Most Vietnamese insurers’ investment portfolios are concentrated in government bonds and bank deposits. Only a few large life insurers, such as Prudential, AIA, and Manulife, have begun purchasing green bonds issued by commercial banks.
This safety-oriented structure indicates that long-term capital from the insurance sector remains underutilized, while Vietnam faces enormous funding needs for green transformation commitments and meeting net-zero targets.
International experience shows that with an appropriate policy framework, insurers can become major capital providers for green transformation. In South Korea, the government’s “Green New Deal,” launched in July 2020, strongly promotes the role of insurers and financial groups in financing green infrastructure. In Malaysia, the Value-based Intermediation (VBI) program has guided the financial sector, including the sharia-based Takaful insurance system, to prioritize investments with positive environmental and social impacts, gradually integrating sustainable development goals into insurers’ investment activities.
Vietnam should therefore incorporate a clear “green investment” orientation into its insurance development strategy, with a focus on building legal and technical frameworks enabling insurers to invest effectively in green bonds and even directly in renewable energy and sustainable infrastructure projects.
Key measures include developing blended finance models with State seed capital, establishing legal frameworks for bank-insurance co-financing, encouraging credit guarantee institutions to support energy project bonds, and reducing risk weights for transparently-labeled green investments. This would channel long-term premium funds, especially from life insurance, into green and sustainable sectors rather than primarily into government bonds and bank deposits, as at present.
To sustain double-digit growth in the years ahead, digital transformation in the insurance sector has become unavoidable, but it will need to go deeper, anchored in data integration that supports the digital economy’s core infrastructure. Experience in Singapore and South Korea points to a shift towards “Open Insurance,” where data can be shared, with customer consent, between insurers, banks, and fintech platforms through common API standards. The model enables highly-personalized, real-time products, expanding coverage while improving pricing accuracy.
Vietnam could consider incorporating the creation of a National Risk Pricing Database into its insurance market development strategy. Standardized, anonymized data on healthcare, traffic accidents, and natural disasters would give insurers a stronger foundation to design products that are more precise, affordable, and accessible to a broader share of the population.
In short, the insurance market development strategy through 2030 under Decision No. 07 remains a key planning framework, reflecting the government’s vision of a safe, transparent, and efficient market.
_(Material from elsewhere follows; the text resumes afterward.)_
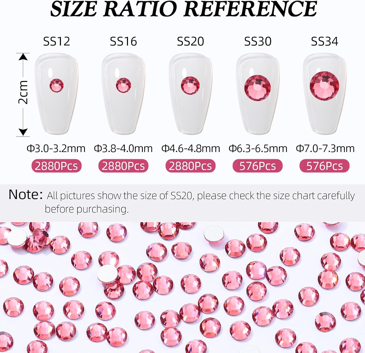 - Product Packaging: Bags packaging SS34 7.1~7.3 MM - 576 Pcs rose flatback rhinestones.

Yet amid rapidly-shifting socio-economic conditions and global environmental pressures, the strategy will require continued updates, incorporating new structural thinking and policy tools.
Embedding pillars such as transformation finance and green investment, proactive disaster response, elderly care ecosystem development, and open data will deepen the strategy’s resilience and adaptability. If done effectively, Vietnam’s insurance sector could evolve beyond its traditional claims-paying function into a true economic “shock absorber,” supporting sustainable and prosperous growth in the new era.